Cloud Labs and the New Supply Chain for Bioterrorism

In 2005, the C.D.C. released into public circulation the full genome sequence of the 1918 influenza virus, one of the deadliest pathogens in modern history. The decision was defended as preparedness; by studying the virus that killed an estimated 50 million people, scientists hoped to improve surveillance, vaccines, and antiviral defenses. But even then, this was a failure of foresight. Once released, such information could not be contained, while the tools needed to use it were only going to become more accessible. The benefits were uncertain, but the danger was concrete; in the wrong hands, the sequence is a recipe for bioterrorism.

That was a dangerous decision in 2005. In the age of artificial intelligence, it is more dangerous still.

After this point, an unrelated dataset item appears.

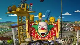 Approximately a minute later, Sideshow Bob suddenly hijacks his signal and takes control of the screen, telling riders that he is now in control of Krustyland. After threatening guests by saying no area in the park is safe from him, he starts the ride by flipping a switch from "thrilling" to "killing", which activates the vehicle causing it to virtually rise out of the room while telling them to enjoy the ride which is about to be destroyed with them on it. The ride simulator combines physical movement of the vehicle with on-screen motion. The experience continues with riders emerging onto a track with the Simpsons' vehicle in front of them. Bob is also nearby, operating a wrecking ball crane. The riders then ram into the Simpsons' vehicle, which can be seen taking a plunge. The rider's vehicle plunges soon after, revealing they are on the "Tooth Chipper" roller coaster (which was scheduled for demolition) involving a variety of drops and turns. Homer, who wasn't sitting down, gets hit by Bob's wrecking ball before it smashes into the track. With a portion of the track now missing, the riders fly into a different part of the coaster's layout along with Homer. The "steel" wrecking ball breaks free from its cable and rolls along the track chasing Homer and the riders. During the pursuit, the wrecking ball eventually runs over Homer.
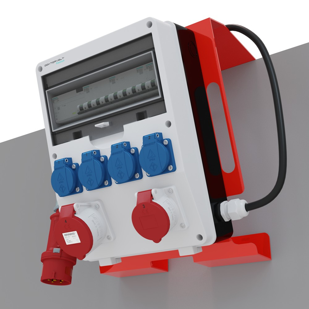 Rozdzielnica budowlana na stojaku zabezpieczenia Siemens pTD-S/FI SET przenośna z gniazdami 16A 32A CEE MENNEKES 4x230V rozdzielnia elektryczna na budowę skrzynka elektryczna z zabezpieczeniem Doktorvolt DV-6160-D

We still talk about A.I. as though it were trapped in the realm of text, as though it could advise, predict, and persuade but could not touch the world except through human hands. That assumption is becoming less true by the month. The rise of the "cloud lab" has sharply reduced the distance between a biological idea and a physical experiment. A cloud lab is an automated wet lab run remotely through software: A user enters instructions through a digital interface, robots execute the experiment, and the results come back electronically. RAND has warned that these remotely operated laboratories could become one of the clearest points of convergence between biotechnology, automation, and A.I.

The old architecture of biosecurity depended, often without saying so, on friction. Dangerous biology required dexterity, procedural feel, access to expensive instruments, and the patience to troubleshoot protocols that did not work as expected. Knowledge alone was not enough. One needed apprenticeship, equipment, a physical laboratory, and usually some institutional permission. These were never perfect safeguards. But they were safeguards.

What makes this moment different is that the practical barriers between knowing and doing are being removed from several directions at once. A dangerous sequence can circulate online. A synthesis provider can manufacture the fragments. A model can narrow the search space, suggest variants, interpret results, and propose next steps. A cloud lab can execute part of the workflow remotely. No one of these developments, on its own, makes dangerous biology easy. But together they begin to collapse a distinction we had grown used to trusting: the distinction between knowing and doing.

Consider a model like EVEscape, which was designed to estimate which viral mutations are most likely to evade antibodies. This is useful work. It can help researchers identify concerning variants earlier and buy time for vaccines and therapeutics. But the dual-use problem is built into the tool itself.¹ A system that helps defenders forecast immune escape can also help an attacker think more clearly about which changes might make a pathogen harder for existing immunity to catch. The same feature that makes the model valuable is what makes it dangerous.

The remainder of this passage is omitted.